Valdez señaló una singularidad de la elección de 1928: fue masiva y contundente. En un verdadero plebiscito, concurrió el 80% del electorado y un 61% votó por Yrigoyen. En 1922, este había transferido canónicamente la banda presidencial a su amigo y discípulo Marcelo de Alvear, pero sus estilos políticos eran diferentes y pronto dividieron a los radicales. Los “antipersonalistas” rodearon a Alvear, mientras que los “personalistas” proclamaron “la vuelta de Yrigoyen” en 1928.

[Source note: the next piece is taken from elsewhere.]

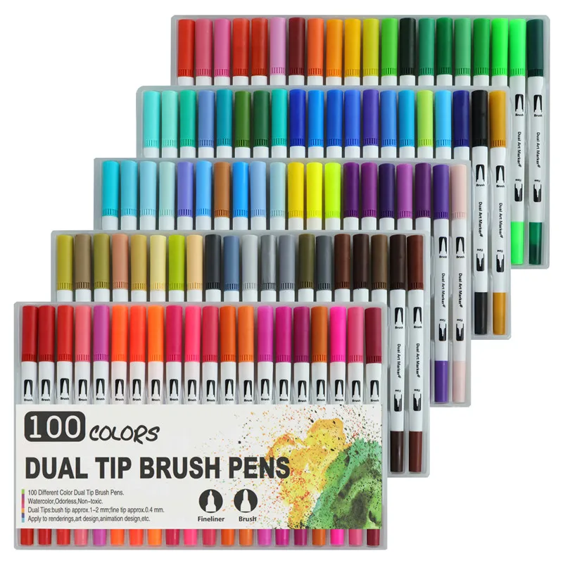 100 шт. цвет кисточки Маркер ручки двойной Совет Цветная кисть Ручка 0,4 Fineliner точка книги по искусству маркеры набор рисования манга канцелярс...

Ese posible retorno polarizó las fuerzas políticas. Los conservadores -partidos provinciales reacios a organizarse a escala nacional- constituyeron la Confederación de las Derechas. Los radicales antiyrigoyenistas formaron en 1924 la UCR Antipersonalista, un conjunto heterogéneo que reunía a los llamados “galeritas” con caudillos populares como el sanjuanino Cantoni o el mendocino Lencinas. Ambos grupos se unieron en 1927, tras la fórmula Melo-Gallo. Para frenar al viejo caudillo, usaron con libertad los recursos del poder presidencial, aunque en los momentos decisivos -cuando se propusieron intervenir la provincia de Buenos Aires, baluarte yrigoyenista- el presidente Alvear se opuso.

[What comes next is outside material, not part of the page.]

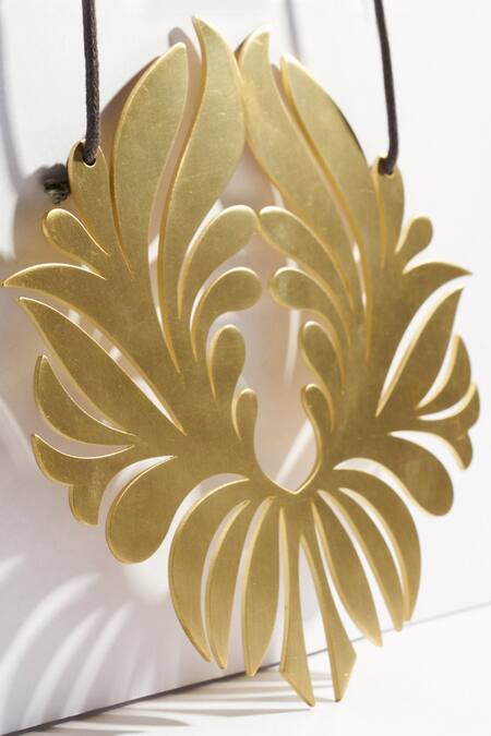 Gold-tone necklace with leaf shaped pendant & thread string.

El poder del yrigoyenismo -que lograría repetir la hazaña de 1916 de ganar la presidencia desde la oposición- se basó en una organización electoral muy eficaz (la célebre “máquina) y en un ideal simple pero de enorme capacidad integradora: la “causa” nacional y regeneradora. A medida que se acercaba el comicio, “máquina” y “causa” funcionaron a pleno: ciudades y pueblos se poblaron de comités, mientras que por fuera del partido proliferaban las asociaciones civiles -étnicas, profesionales, intelectuales- que desde una posición independiente proclamaban su adhesión al caudillo.
Un líder carismático
Culminó por entonces la exaltación de la figura de Yrigoyen, algo que sigue siendo un enigma. Para sus seguidores, Yrigoyen era el apóstol, predicando la palabra divina, o el mesías, arrojando a los mercaderes del templo. Encarnó a la vez al pueblo y a la nación. De Privitellio -que anticipó la próxima publicación de un libro de Yrigoyen hasta ahora desconocido- señaló cómo el propio caudillo estaba profundamente convencido de poseer esa singularidad carismática, esa excepcionalidad que por entonces Max Weber señalaba como la característica de los nuevos liderazgos de masas.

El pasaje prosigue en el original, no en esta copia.